One lesson resulting from AllTransit’s analysis of Charlotte and Raleigh is that a “pretty good” transit score like 5 or 6 is still probably too low to create communities of frequent transit riders. Note, for instance, the number of transit trips and routes available at each location, and the resulting service frequency (a “trip” is defined as one instance of a bus or train stopping within half a mile).

Location (AllTransit Performance Score) Trips Per Week # of Nearby Lines Combined Frequency On All Nearby Lines
E. Worthington Ave. (5.2) 694 4 Every 15 minutes
Broken Saddle Ln. (4.3) 267 4 Every 38 minutes
Rensselaer Ave. (9.2) 2,307 25 Every 4.4 minutes
TransitCenter’s NYC HQ (10) 27,793 54 Every 22 seconds

 

Near Worthington Avenue, the first bus traveling anywhere takes on average 15 minutes to arrive, and 38 minutes near Broken Saddle Lane. Rensselaer fares significantly better, though for comparison a bus or a train there still arrives 12 times less frequently than in lower Manhattan.

In Raleigh, the trips per week metric shows a concentration of relatively frequent service to the west and southwest of downtown and a dearth to the east, despite the fact that some parts of eastern Raleigh have relatively high Performance Scores. Outside of downtown, the best performers are the census tracts south of Hillsborough Avenue, where NC State University is located. While the university is served by four GoTriangle bus lines, the high number of available trips is probably thanks to the Wolfline, the free university-operated bus service, which circulates the campus and connects to higher frequency corridors for service to downtown. Seven of the Wolfline’s twelve routes provide service every 15 minutes or more during peak hours.

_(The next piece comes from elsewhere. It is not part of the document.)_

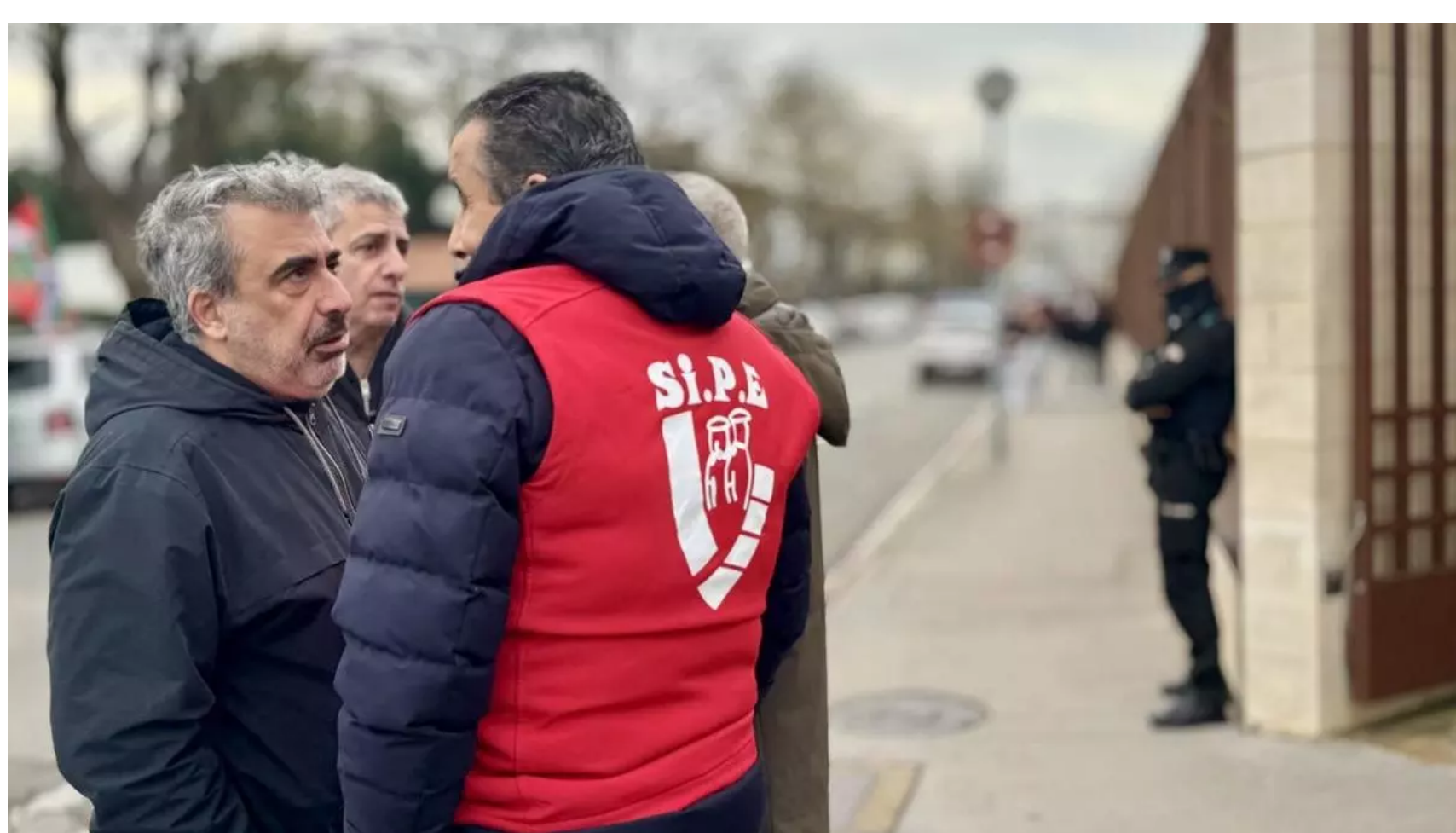
Representantes de los sindicatos de la Ertzaintza, este martes frente a la Presidencia vasca
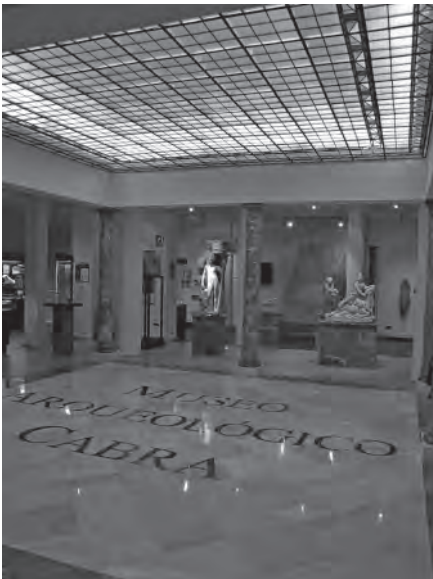
Lám. 3. Patio central del Museo Arqueológico.

También con motivo de la reapertura se programaron una serie de visitas guiadas, para grupos reducidos de 10 personas, que fueron

Notably, high-frequency transit service in Raleigh does seem to correlate with higher rates of walking in those same areas. This makes intuitive sense, and is borne out by the maps below:
This shows the importance of integrated multimodal planning as both Charlotte and Raleigh work to develop more robust transit systems. Fortunately, voters in Raleigh are likely to see a measure to fund local transit improvements on their ballots this fall. The plan developed by Wake County would triple bus service, increase the frequent bus network from 17 to 83 miles, and build a commuter rail line. But the state’s regressive transportation policies are likely to keep anything but the most modest projects from moving ahead in the foreseeable future.